You will softly and suddenly vanish away, And never be met with again!

‘The Hunting of the Snark’ (1876) ‘Fit the Third: The Baker’s Tale’

They sought it with thimbles, they sought it with care; They pursued it with forks and hope;

They threatened its life with a railway-share; They charmed it with smiles and soap.

‘The Hunting of the Snark’ (1876) ‘Fit the Fifth: The Beaver’s Lesson’

I never loved a dear Gazelle— Nor anything that cost me much: High prices profit those who sell, But why should I be fond of such?

‘Phantasmagoria’ (1869) ‘Theme with Variations’.

He thought he saw an Elephant, That practised on a fife:

He looked again, and found it was A letter from his wife.

‘At length I realize,’ he said, ‘The bitterness of life!’

‘Sylvie and Bruno’ (1889) ch. 5

He thought he saw a Rattlesnake That questioned him in Greek, He looked again and found it was

The Middle of Next Week. ‘The one thing I regret,’ he said, ‘Is that it cannot speak!’

‘Sylvie and Bruno’ (1889) ch. 6

3.40 William Herbert Carruth 1859-1924

Some call it evolution, And others call it God.

‘Each In His Own Tongue, and Other Poems’ (1908).

3.41 Edward Carson (Baron Carson) 1854-1935

My only great qualification for being put at the head of the Navy is that I am very much at sea.

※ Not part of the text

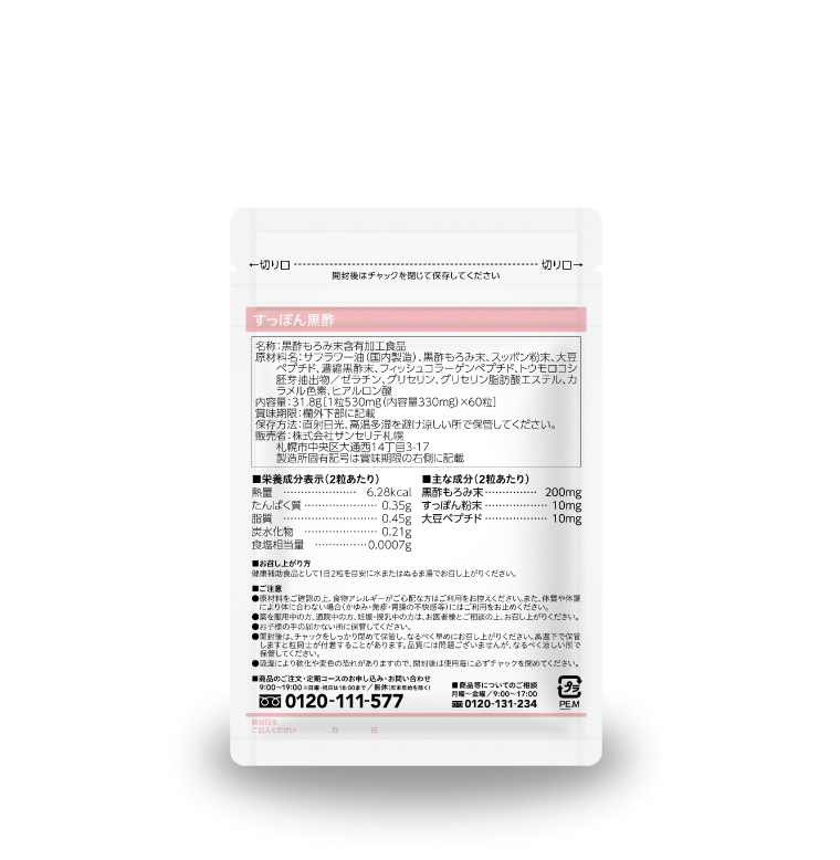 ■原材料 サフラワー油(国内製造)、黒酢もろみ末、スッポン粉末、大豆ペプチド、濃縮黒酢末、フィッシュコラーゲンペプチド、トウモロコシ胚芽抽出物、ゼラチン、グリセリン、グリセリン脂肪酸エステル、カラメル色素、ヒアルロン酸

In Ian Colvin ‘Life of Lord Carson’ (1936) vol. 3, ch. 23

3.42 Henry Carter d. 1806

From distant climes, o’er widespread seas we come, Though not with much èclat or beat of drum;

True patriots we; for be it understood,

We left our country for our country’s good. No private views disgraced our generous zeal, What urged our travels was our country’s weal; And none will doubt but that our emigration Has proved most useful to the British nation.

Prologue, written for, but not recited at, the opening of the Playhouse, Sydney, New South Wales, 16 January 1796, when the actors were principally convicts. A. W. Jose and H. J. Carter (eds.) ‘The Australian Encyclopaedia’ (1927) p. 139. Previously attributed to George Barrington (b. 1755).

3.43 Sydney Carter 1915—

It’s God they ought to crucify Instead of you and me,

I said to the carpenter A-hanging on the tree.

‘Friday Morning’ (1967)

I danced in the morning When the world was begun And I danced in the moon And the stars and the sun

And I came down from heaven And I danced on the earth— At Bethlehem I had my birth.